Determination of RNA binding activity carried by the interdomain segments of yeast eIF4G2. A, Northwestern blot experiment. Recombinant eIF4G2 (lanes 4–8) or control (lanes 1–3) proteins indicated across the top are immobilized on a nitrocellulose membrane after SDS-PAGE and incubated with ³²P-β-globin mRNA, as described (27). After washing, the autoradiography was taken with a PhosphorImager (bottom panels). As a control, the same amount of proteins used in this experiment was subjected for SDS-PAGE and stained with Coomassie Blue (top gels). Arrowheads indicate the expected location of the full-length products. The asterisk indicates the RNA-binding activity of a proteolytically cleaved product, derived from GST-GB-eIF4G2_439–914 or GST-GB-eIF4G2_439–846. M, size standards. eIF4G2 proteins used here are described in Fig. 2A and were derived from pGEX-4G2 plasmids in Table 1. heIF3d-NTD and yeIF2β-NTD, which are fused to GST, were expressed from pGEX-p66ΔE (28) and pKA883,⁴ respectively. B, GST-eIF4G2 proteins or GST alone indicated at the top were allowed to bind ³²P-β-globin mRNA (∼20,000 cpm) and the percentage of the RNA co-precipitated by a glutathione resin (average from three independent experiments) was determined by scintillation counting and presented with bars indicating S.D.

FIGURE 8.

Model depicting the roles of eIF4G HEAT domain 1 (4G H1) and eIF4A in scanning and AUG selection. The scanning starts with the 40 S subunit (gray oval) bound to the mRNA (thick line) near the 5′-cap (gray circle) (a) and continues as the mRNA migrates over the path on the 40 S subunit (b).
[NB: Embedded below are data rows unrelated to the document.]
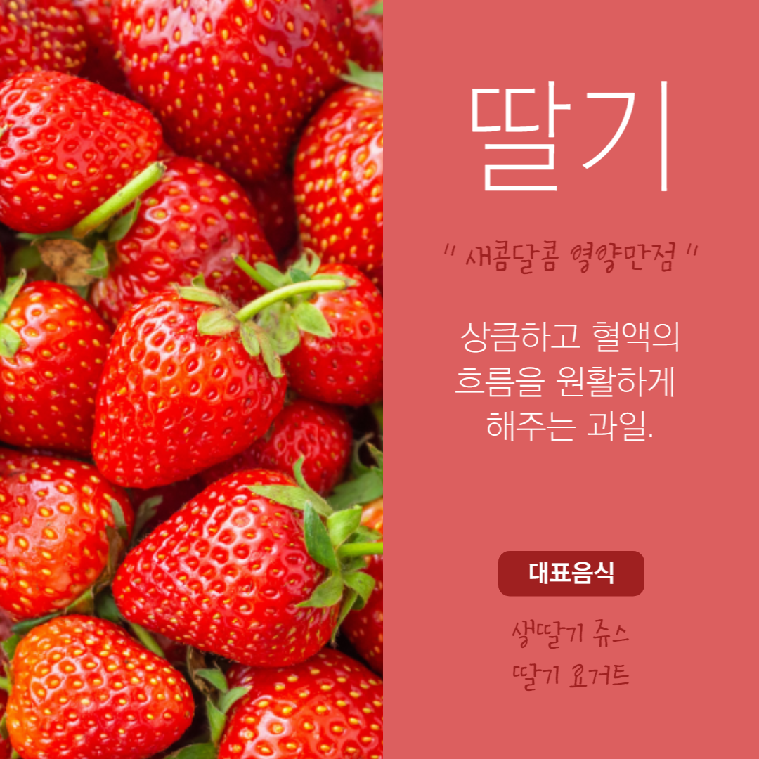 과일 중에서 비티민C가 가장많은 딸기는 하루에 4개 정도를 섭취하면 비타민C의 하루섭취량을 모두 먹는것과 같다고 합니다. 딸기는 비타민이 레몬에 두배나 되며 펜틴이라는 식이섬유가 매우 풍부해 혈액의 흐름을 원활 하게 해줍니다.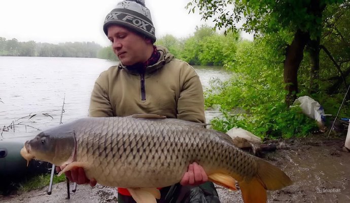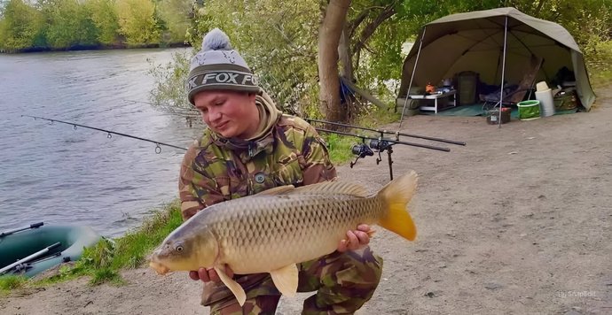 Володимир під час риболовлі біля намету тримає спійманого коропа. Володимир Мендрик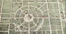The only drawings of Circleville before its squaring were made by G. F. Wittich. He made sketches of the courthouse, the circle, and the other buildings in 1836. Wittich used these drawings along with information from residents to create a map around 1860, of which he produced a watercolour rendition in 1870.[7]: 36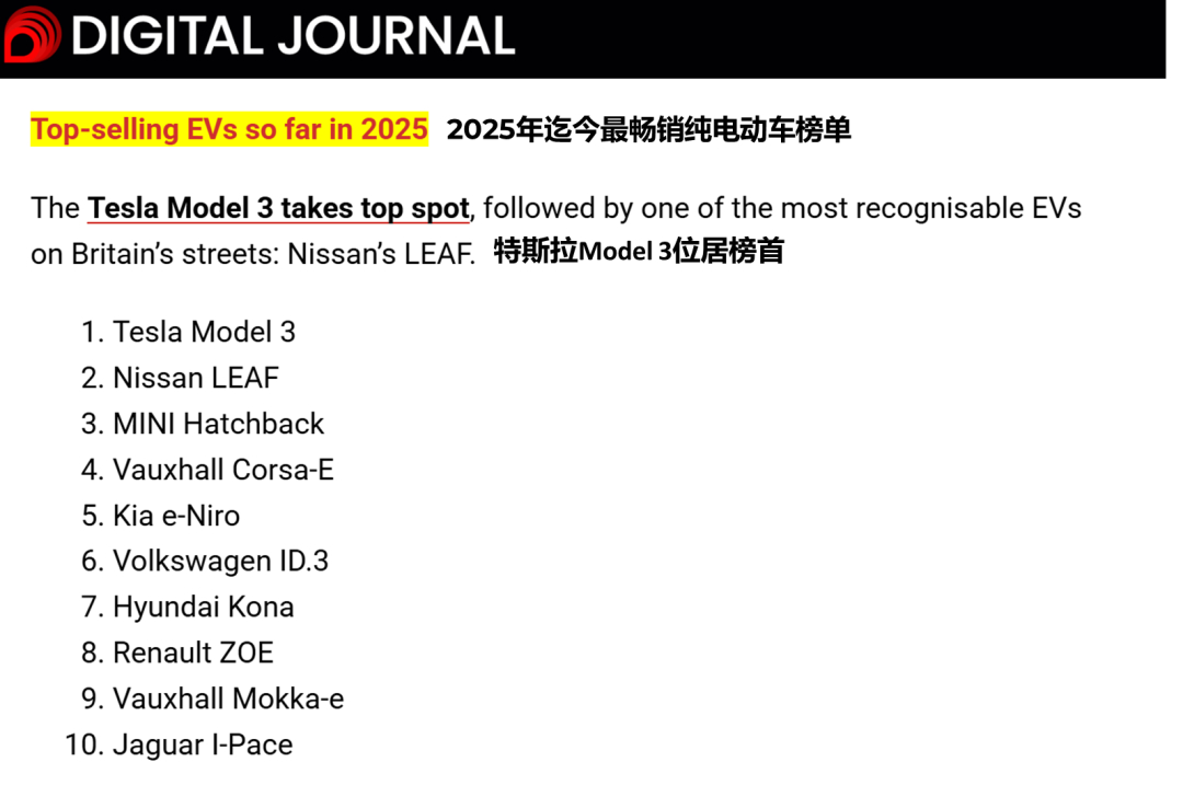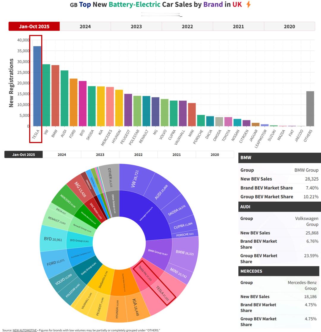 Model 3拿下英国1-10月纯电动车销量冠军!根据海外博主electric_nick_的统计,特斯拉今年1-10月在英国累计销量超3.7万辆,是宝马的1.3倍、奥迪的1.4倍、奔驰的2倍。具体到车型来看,英国汽车交易平台cinch.co.uk提供的最新销量数据显示,特斯拉Model 3超越众多欧洲本土品牌车型,成为今年目前最畅销的纯电动车。特斯拉等纯电动车的热销,正加速推动替代传统燃油车的进程。相比2024年8月,英国纯电动车市场占比已从10%提升至如今的16%。交易平台cinch.co.uk的纯电动车业务负责人表示,当地消费者对纯电动车的青睐,从二手电动车市场表现也可见一斑。目前,该平台售出的二手车中,每六辆就有一辆是纯电车,且市场接受度每月都在提高。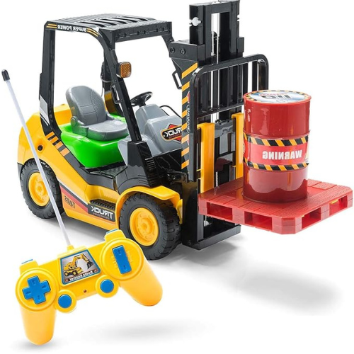 This 2.4 GHz 8-channel Huina RC Fork-Lift Truck delivers true-to-life operation with a durable alloy frame, strong lifting fork, 360° rotation, LED lights, and programmable functions. It even converts into a crane with the included hook, offering realistic construction play for young operators and RC fans.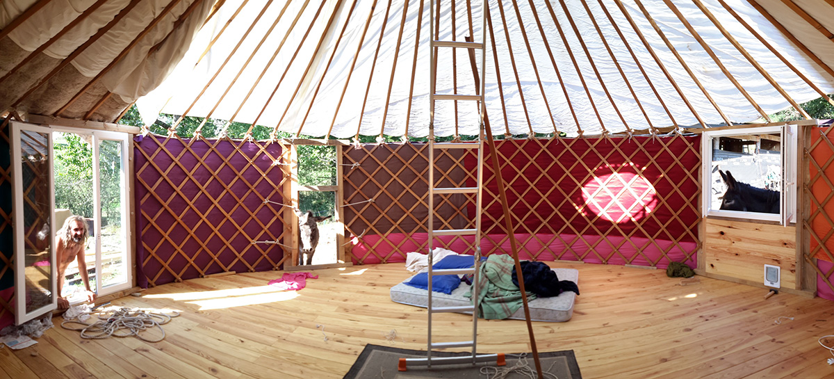 La structure en pins « douglas » régionaux est posée sur une araignée en bois, surélevée. Nous avons créé un double plancher. Entre les toiles intérieures et extérieures, nous avons privilégié un isolant en laine de chanvre d’une épaisseur de 8 cm. L’arrivée d’eau et les toilettes sèches sont à l’extérieur. Nous voyons passer les saisons, chaudes, froides, humides, venteuses, douces bien confortablement installés dans notre cocon léger.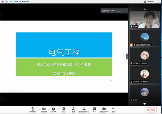首先,吴小华教授简要介绍了我院电气工程及其自动化专业的发展历史。同时吴小华教授通过“四好”介绍了我院电气工程的特色:①好听——在诸多国家重大项目中,我院电气工程专业均有参与,并发挥重要作用。②好学——专业师资力量雄厚,培养方案完备。③好玩——学生有丰富的科研实践机会以提高学生的动手能力达到“知行合一”。④好前程——电气工程专业毕业生升学率、就业率高,就业前景好,薪资丰厚。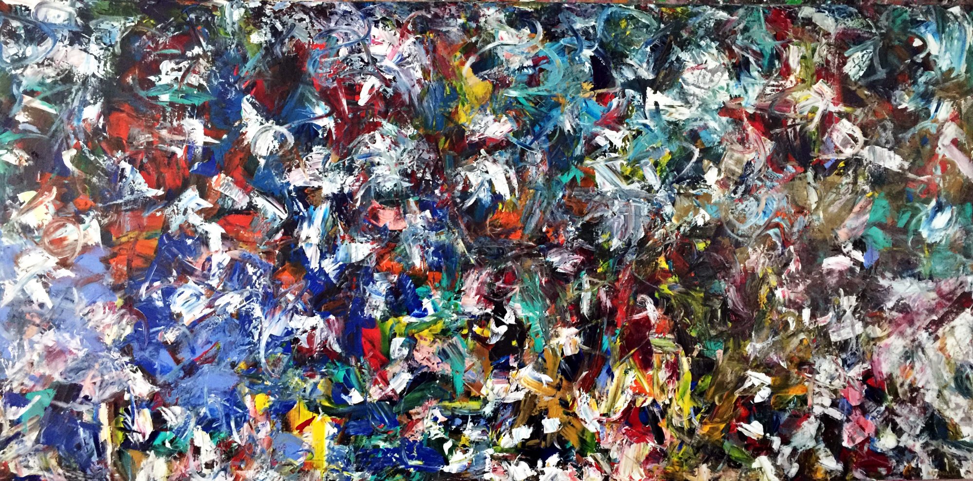 This work was inspired pure emotion, the emotion of feeling a pure sense of satisfaction. It was a great feeling, while the idea behind the painting, was merely the act of painting – in the true abstract expressionism style.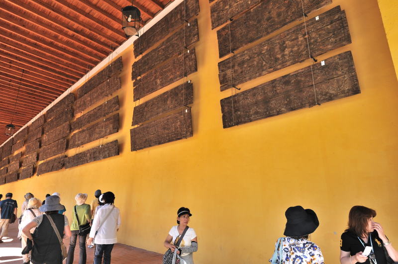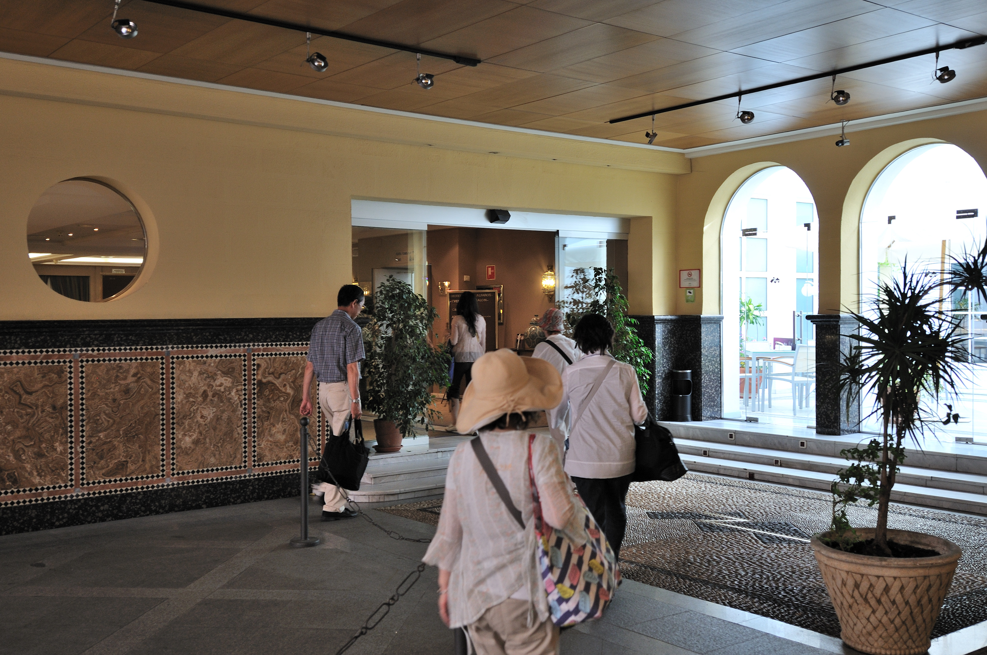 | オレンジの中庭に面した回廊 (17:01) 回廊には、かつて聖ビセンテ教会 [Iglesia de San Vicente] 時代に用いられていた建築材が展示されている。 「北方向」MAPLay. 2 Q |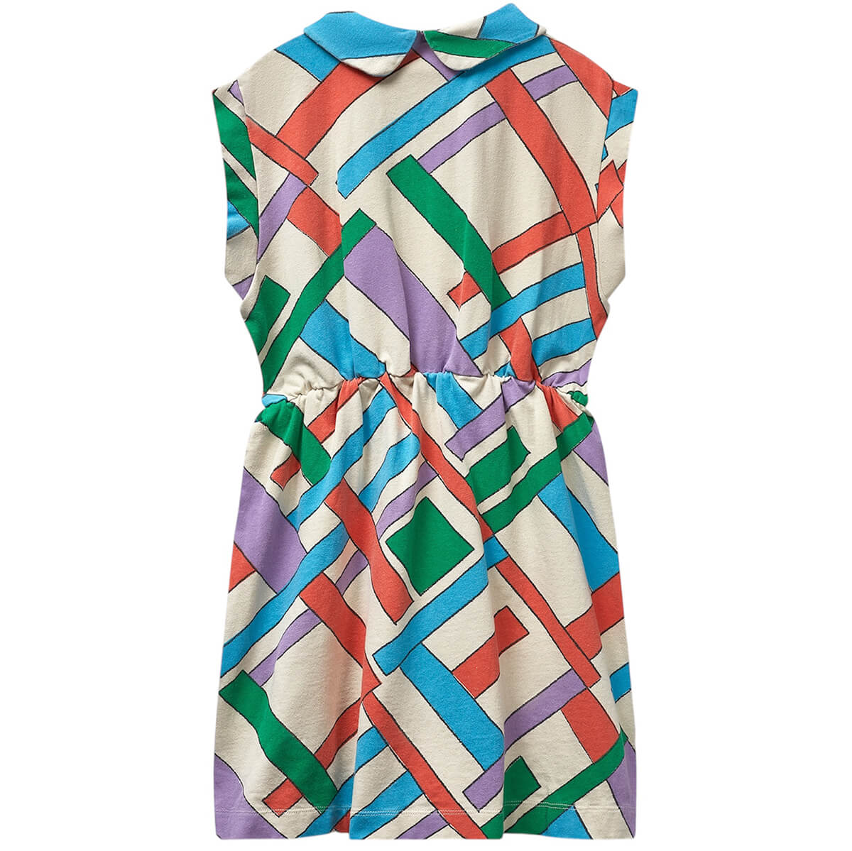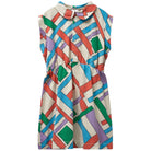 Sleeveless Cloud Dress by Wynken. This sleeveless blouson-style dress with an elasticated waist combines comfort and style with a full, twirl-worthy skirt. The delightful Peter Pan collar adds a sweet, timeless touch, while the front placket with snap openings ensures easy dressing. Crafted from soft double jersey fabric, it features an all-over kite block print that’s perfect for playful days. Finished with the embroidered Wynk logo on the chest, this dress is a whimsical and comfortable choice for any occasion!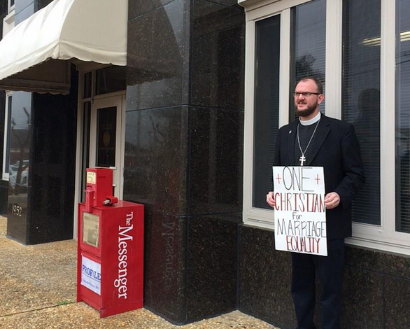 A member of the Pike County faith community takes a stand for marriage equality in front of the courthouse.
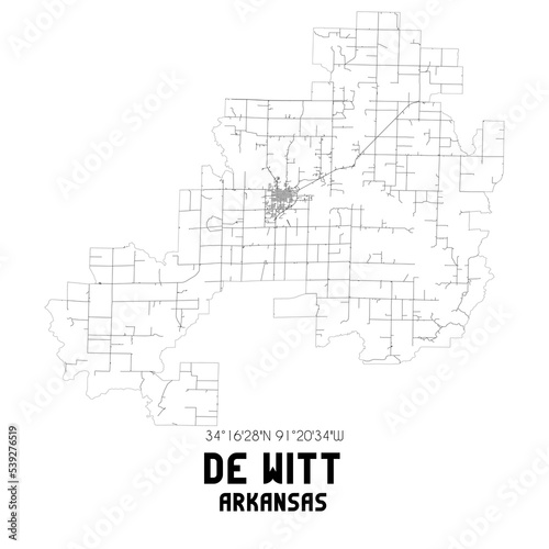 © Rezona, Naklejka premium De Witt Arkansas. US street map with black and white lines.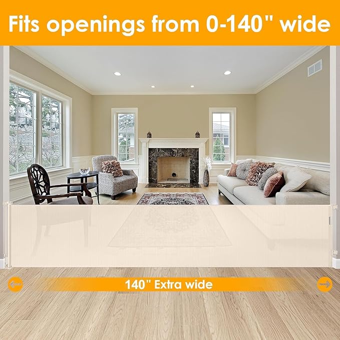 - [140 Inch Extra Wide Baby Gate ] This retractable baby gates Fits openings up to 140" wide and is 33" tall which can be adjusted to fit your openings according to your needs. Suitable for babies and dogs.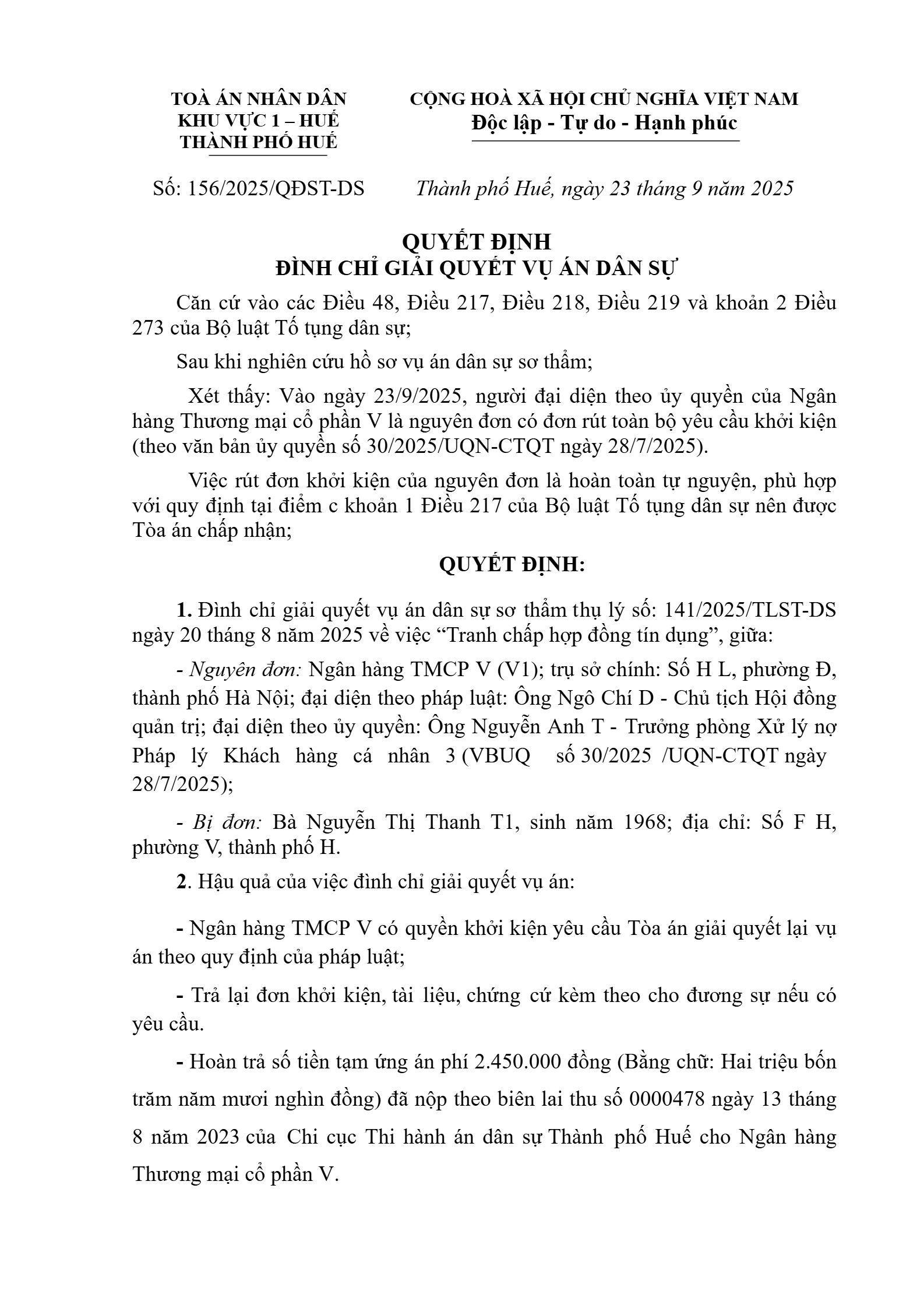 Quyết định số 156/2025/QĐST-DS ngày 23/09/2025 của Tòa án nhân dân khu vực 1 - Huế, TP. Huế về tranh chấp hợp đồng tín dụng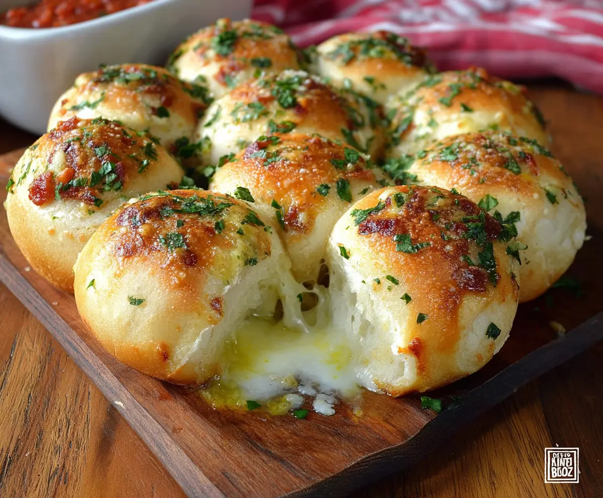 In a small bowl, mix the melted butter, minced garlic, chopped parsley, crushed red pepper flakes (if using), and a little salt and pepper. This will give your breakfast bombs an aromatic and delicious topping! Brush this mixture generously over each dough ball and sprinkle some grated Parmesan on top.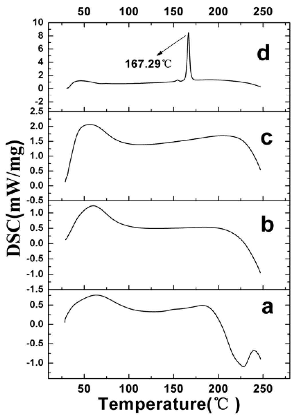 Differential scanning calorimetry (DSC) patterns of raw VLBT and VLBT-loaded nanoparticles. (a) Raw VLBT; (b) VLBT-BSANPs; (c) Fa-BSANPs-VLBT ; (d) Fa-BSANPs-VLBT with mannitol.

The model hypothesizes that a secondary structure develops as mRNA migrates over the path and thereby prevents correct matching of tRNA_i^Met (plug) anticodon to start codon (boxed and labeled AUG) (c). eIF4A resolves the structure and promotes AUG recognition (d). In addition to eIF4A, RNA binding to eIF4G HEAT1 and/or its surrounding peptides (shown by thick gray line with asterisk indicating the RNA-binding site) prevents mRNA refolding, thereby promoting scanning and AUG recognition. The orientation of eIF4G HEAT1 relative to the 40 S is based on the speculative model proposed recently (4). eIF4G HEAT1 binding to eIF1 (circle labeled 1) located near the E-site (9, 43) is proposed to contribute to maintaining a scanning-competent conformation (18). The box describes the 40 S subunit structure with A-, P-, and E-site and the orientation of bound mRNA.